Genomes differ among individuals and species. Evolutionary genomics studies genome variability and genome changes using evolutionary principles. Typical applications include identification of human genome variations associated with diseases and identification of pathogen virulence genes.
Genome changes are studied at two distinct levels: (1) within-species/within-population variations (e.g., human genetic variation), and (2) between-species divergence (e.g., human-mouse comparisons).
The key for analyzing genome variations within species is "population-thinking", the idea that there is no one individual genome that is standard, normal, or disease-free.

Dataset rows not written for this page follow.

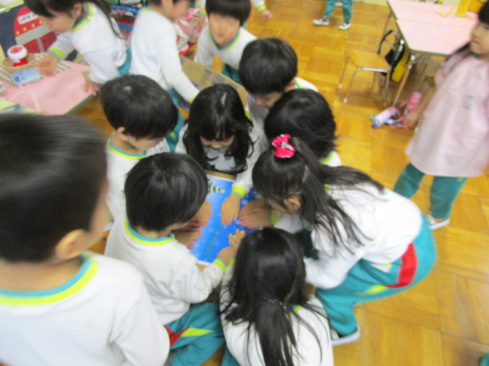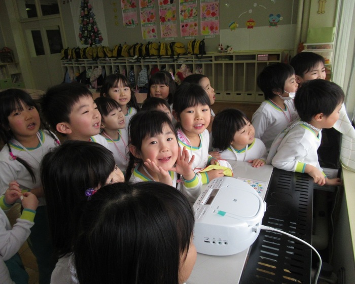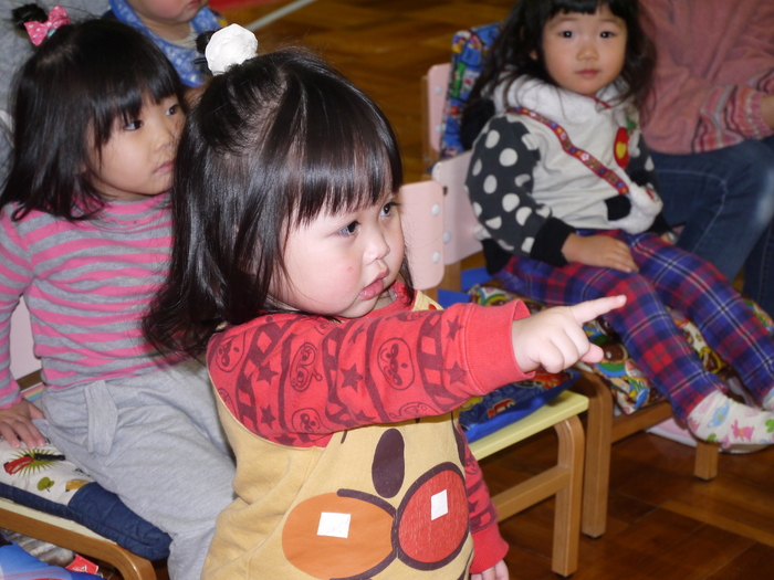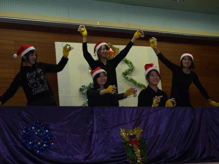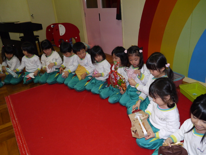 幼稚園、附属保育園リリーの全園児がホールに集まり、少し早めの クリスマス会が開催されました。職員のパントマイムの後にはほんと サンタクロースが登場し、“サンタさんへの質問ボックス”に集まった ものの中からいくつかの質問をしました。サンタさんの登場に大興奮の 子ども達。次の幼稚園に行くサンタさんを、最後まで大きく手を振り ながらお見送りしました。その後には皆でジングルベルのフォーク ダンスをし、お待ちかねのプレゼント交換をし…楽しいクリスマス会に なりました♪ | ||
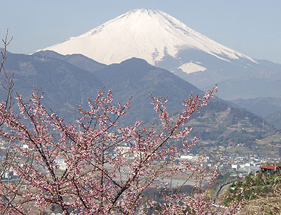 開けたところはミカン畑や梅林で、梅は日差しでまばゆいばかりに輝き、目の前に富士山がクッキリと眺められます。
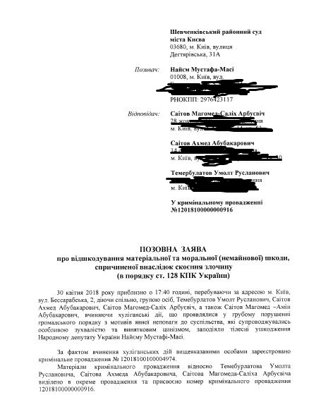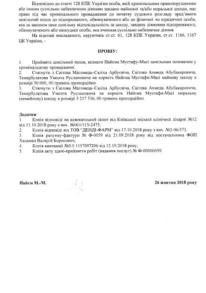 "Мы действительно подали гражданский иск в рамках уголовного дела против троих нападавших на Мустафу, но гражданский иск в рамках уголовного - это о возмещении ущерба, нанесенного моему брату уголовным преступлением", - сказал Маси Найем. По его словам, иск о компенсации это только часть претензий к напавшим.
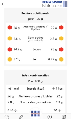 Nutriscan+ permet de visualiser la qualité nutritionnelle d’un aliment préemballé en scannant simplement son code-barres. Cette application a pour objectif de vous aider à manger plus sainement.
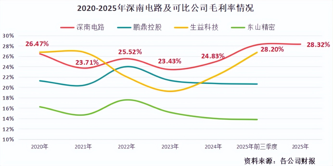 2025年前三季度,公司毛利率高达28.2%,高于鹏鼎控股、生益科技、东山精密等PCB巨头。公司2025年全年的毛利率为28.32%,继续维持在较高水平。
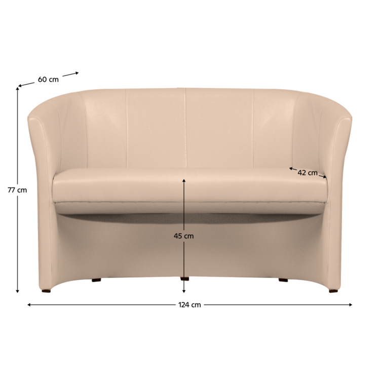 Žiarivá béžová farba dvojkresla prinesie eleganciu do vášho príbytku, a samozrejme oživí interiér. Premeňte svoj domov na štýlové miesto a vyberte si kreslo CUBA. Okrem toho, že je praktické, dýcha aj novým dizajnom. Svojim priaznivcom poskytuje príjemné sedenie aj vo dvojici. Jadro sedadla tvorí purpena s výškou sedu 45 cma hĺbkou sedu 45 cm.
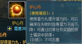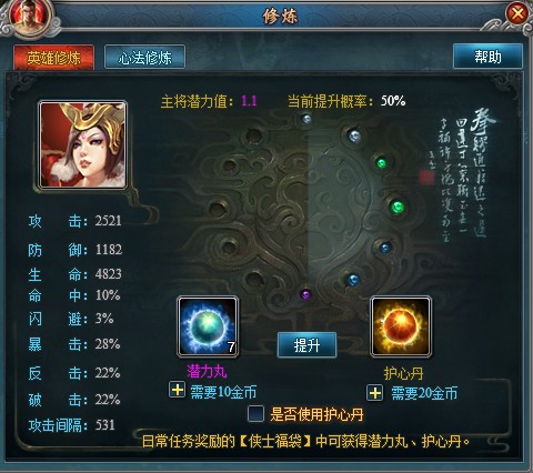 在提升到1.1的时候,主将的品质会达到紫色,此时提升成功的几率会降到50%。这时建议使用护心丹,保证提升失败潜力值也不会下降。护心丹的来源同潜力丸一样,可通过侠士福袋开出或者通过金币购买,20金币一个。
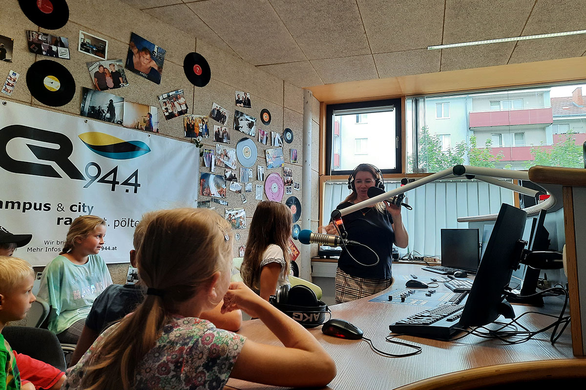 Während der Betreuung im Sommer 2022 konnten 16 Kinder einen spannenden Ausflug in das Campus & City Radio am Campus der FH St. Pölten machen.
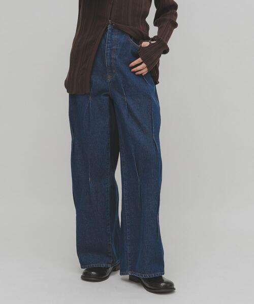 【ワードローブに加えたい変化球デニム】ボディ全体に施されたタックが珍しく、ワードローブに持っておくと便利な変化球デニム。一癖あるデザインながらも、ストレートシルエットなので腰回りを程よくカバーしてくれます。デザインのあるパンツなので、ベーシックトップスを合わせるだけでこなれ感を演出します。
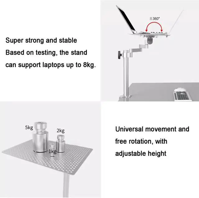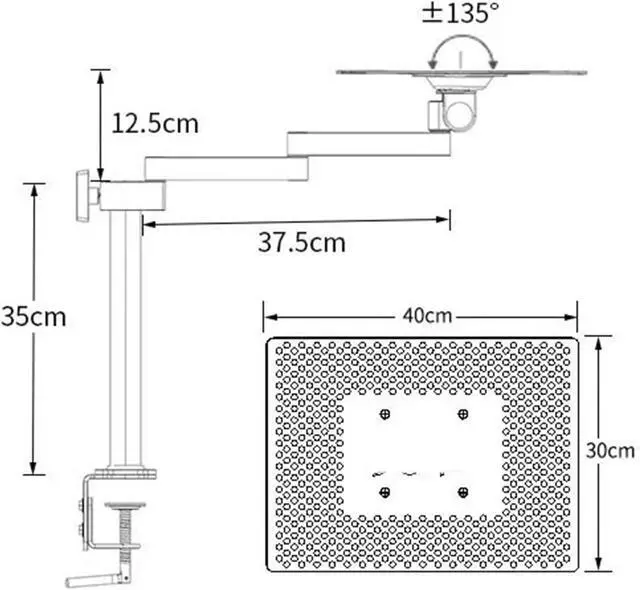 Adjustable Angle:The arm of this monitor desk stand is fully independently adjustable. The laptop platform supports 135° adjustment up and down, 360° rotation horizontally, and a 35cm height adjustment range provides you with more options
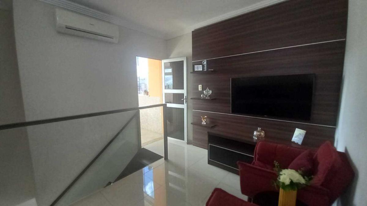 SALA DE TV COM AR CODICIONADO, PISO EM PORCELANTO, LAVABO, ESPAÇO GOURMET COM BANCADA EM GRANITO E CHURRASQUEIRA, TERRAÇO LIVRE DESCOBERTO COM VISTA DEFINITIVA E COM BASTANTE VENTILAÇÃO.

The key for comparing genomes across species is "tree-thinking", the idea that evolution happens by diversification (like a branching tree), not by climbing a ladder. There is no such thing as "advanced" or "primitive" species. All living species have the exact same evolutionary distances/time of divergence since the origin of life.
Case studies from Qiu Lab
- Between-sepcies genome comparisons: Comparative genomics of worldwide Lyme disease pathogens. BorreliaBase (Figure 1)
- Within-population genome comparison: Genomic epidemiology of Group B Streptococcus: Gene gains & losses associated with Group B Streptococcus virulence
- Within-host genome evolution: Evolution of multi-drug antibiotic-resistance Pseudomonas in cancer patients (Figure 2)
Bioinformatics workflow for comparative analysis of bacterial pathogen genomes
- Pathogen isolation -> DNA extraction -> Library preparation -> High-through sequencing
- De novo genome assembly (canu; velvet; etc)
- Identify reference genome from NCBI database (kraken)
- Variant call (bwa; cortex_var; samtools mpileup)
- Infer genome phylogeny (muscle; reXML)
- Annotation (PATRIC)
- Custom genome browser (JavaScript; D3 library for interactive graphics)
Essential bioinformatics skills
- Linux command-line interface (e.g., BASH shell)
- Familiarity with a programming language (e.g., Python or Perl)
- Data visualization & statistical analysis (e.g., JavaScript; the R statistical computing environment)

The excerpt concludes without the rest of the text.